DeepSeek-V4-Flash · MTP · W4A16-FP8 · Acti

MTP-enabled (Multi-Token Prediction) variant of pastapaul/DeepSeek-V4-Flash-W4A16-FP8, prepared by Acti for vLLM tensor-parallel deployment at TP=2 with self-speculative decoding turned on.

The base model is unchanged. We added back the DSV4 MTP head (which the original quantization stripped because HF transformers' DSV4 modeling code drops mtp.* keys at load time) so vLLM can run --speculative-config '{"method":"mtp","num_speculative_tokens":1}' and get a real wall-clock decode speedup.

✅ v2 release: real GPTQ quantization on the MTP routed experts (replaces the v1 RTN loader-format experiment). Calibrated with 256 ultrachat_200k prompts × 256 max_tokens captured from the running pasta-paul model, processed by a Frantar-style GPTQ pass with Cholesky H⁻¹. Per-expert mean: ~11k calibration tokens, min 430, max 175k. Manifest now declares is_final_quality_preserving: true.

Results — single-stream decode TPS, greedy, vs no-MTP baseline

Hardware: 2× NVIDIA RTX PRO 6000 Blackwell Max-Q Workstation Edition (sm_120, 96 GB ea., no NVLink, NUMA NODE PCIe), driver 580.126.09, NCCL 2.28.9, jasl/vllm b158e5001 + cherry-picks + Acti's MTP-loader patches.

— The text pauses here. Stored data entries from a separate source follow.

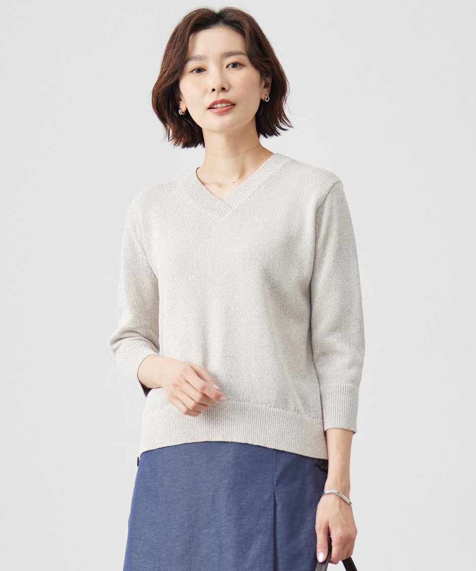 【おすすめポイント】 POINT 01:アームホールが広めで、二の腕部分も安心して着られる POINT 02:身幅が広めで、ボディラインを拾いにくい POINT 03:薄手のニットだがストレッチが効いているので窮屈にならない、シンプルなデザインなのですっきりとした見え感が期待できる POINT 04:トレンド感のある少し短めの丈感だが、高身長さんにもバランスのとりやすい絶妙な丈感です
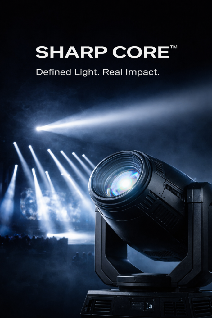 Sharp Core™ lighting is optimized for live shows, touring systems, DJs, houses of worship, and professional event production, where reliability and visual precision are critical.
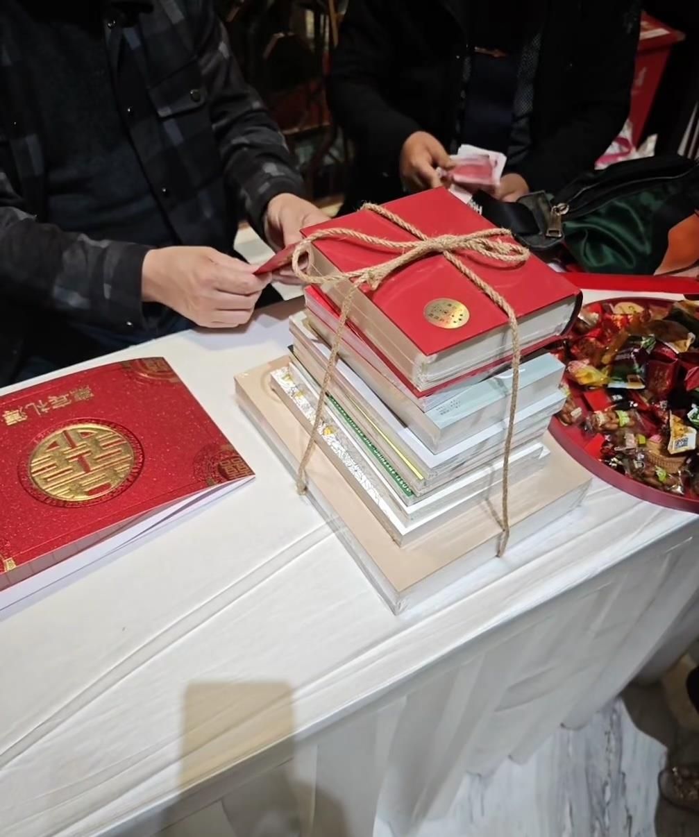 一位网友称:“哇,读书人送礼就是不俗,就是祝两人相爱相知,浪漫永续,百年好合嘛!”还有网友说:“九本书,长长久久。封面是红色的祝福。最下面祝福他百年好合,现在大家送礼越送越多,没想到还有这么有趣的灵魂。”

Profile	Decode TPS	TTFT	Δ vs base
Base (pasta-paul, no MTP), 524k	52.85	91 ms	0% (reference)
This model (v2 GPTQ), 524k	85.52	155 ms	+62% (1.62×)
This model (v2 GPTQ), 128k single-stream	~111	~310 ms	+110% (2.10×)

(v1 RTN release was 83.97 tok/s @ 524k; v2 GPTQ adds ~+2% on top of that. Most of the speedup over base comes from MTP self-speculation; the GPTQ vs RTN delta is the MTP draft acceptance-rate improvement from better expert weights.)

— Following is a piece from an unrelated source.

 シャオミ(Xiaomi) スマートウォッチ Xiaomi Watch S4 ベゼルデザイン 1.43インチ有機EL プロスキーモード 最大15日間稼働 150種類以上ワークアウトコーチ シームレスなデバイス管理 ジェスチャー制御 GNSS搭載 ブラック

Concurrency profiles — real measurements

The single-stream numbers above are one point on a curve. Below are the multi-user concurrency results from a thread-pool sweep on the same hardware. Different --max-model-len profiles trade off context length against how many concurrent users you can serve.

Profile	Max concurrent users	Per-stream TPS at max	Aggregate TPS	Recommended for
128k (`--max-model-len 131072 --max-num-seqs 8 --gpu-memory-utilization 0.90`)	8	57	467	High-concurrency chat / agent fleet
256k (`--max-model-len 262144 --max-num-seqs 4 --gpu-memory-utilization 0.95`)	4	76	296	Medium-concurrency, longer docs / RAG
524k (`--max-model-len 524288 --max-num-seqs 3 --gpu-memory-utilization 0.93`)	3	46	138	Single/few users, max context

Per-stream scaling within each profile:

N concurrent	128k profile	256k profile	524k profile
1	75	73	87
2	80	75	62
3	(anomalous)	(anomalous)	46
4	76	76	—
8	57	—	—

(The N=3 anomaly is reproducible — likely a vLLM MTP-draft batching artifact at odd counts. Even N values scale cleanly.)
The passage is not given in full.